I’ve often written about how writing is a construct, something artificial made to seem real. Everything authors do, from creating and recreating setting, penning plot, and/or developing character and dialogue is not real. Everything about any given scene is there for a purpose; the trick is to add them subtly so they seem happenstance .

One mistake many new authors make is in how to express the physical appearance of a character. Having the character stand in front of a mirror and take stock, making note of his or her own hair and eye colour, and the shape of his or her jaw, lips, and nose doesn’t work. How many times have you looked in the mirror and taken stock? When I look in the mirror, the bow of my eyebrow is only important to me if it’s time to get a waxing. I notice my eye colour if my clothes make them pop. I may make note of my hair colour, but only if it’s time for a dye job.

Here’s another mistake. When I flip my hair back from my face, I don’t think that my hair is brown with red highlights as I’m doing so. I might be cognizant of the fact that I’m flipping too many times in a day and am due for a cut. I might get frustrated and sweep it back into a ponytail, but I don’t take note of the colour. Your characters shouldn’t either.
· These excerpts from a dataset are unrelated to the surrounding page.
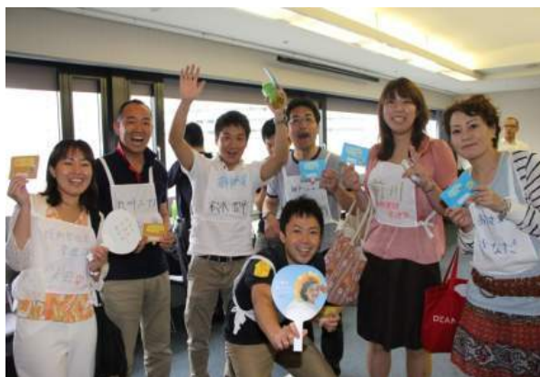
「幸せわかし隊」メンバー

また、社内公募にて有志を募り、各部署から集まった56人が「幸せわかし隊」として活動を始めました。目的は、ひとりひとりが生き活きと働き、まずは自分にできる「新しい幸せをわかす」とは何かを考え、社内外をわかす行動ができる人材を育成、風土づくりに取り組んでいます。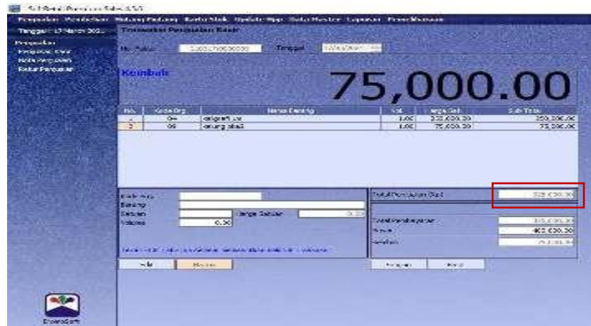
Gambar 5.3 Simulasi Penjualan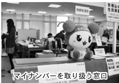
マイナンバーを取り扱う窓口

⑤自己情報に適切に関与する権利（自己情報コントロール権）は、基本的な人権と考えられているが、それを維持する方策は。

When you get into your car to go to work in the morning, do you take time to contemplate that it’s a 2010 slate grey, four-door Toyota Camry?  Isn’t it more likely you might think that it’s a beater, or that it’s nearly half-a-decade old and still looks like new? Might you think it needs a wash? Would you rub at a patch of dirt to make sure it wasn’t a scratch? Be annoyed that the neighbourhood kids wrote “Wash Me!” with their finger on the trunk again?

If I describe the car, my reader will know a lot about the make and model of the car, but little about the driver. If I get into the driver’s head and show what he’s thinking, I’m building character. If my reader drives a middle-age Camry, s/he might find a small point of identification with my character. If I show my character as either taking pride in the car or neglecting it, I’ve given my reader a more precise point of connection.

The next time you show detail, consider narrative viewpoint. If you describe something your character wouldn’t normally see, think or hear, then change tack.  For example, if I smile, I can’t see my white teeth gleam in the sunlight. I might feel my cheeks ache, the cold air I let in when I part my lips might hurt my overly-sensitive teeth, or I can imagine I must look like a grinning idiot (but I can’t know for sure).

Never forget your job as a writer is to construct an immersive version of reality.   Paint your word pictures with fine detail, and texture with character, dialogue and setting, using only the palette colours limited by your narrative point of view.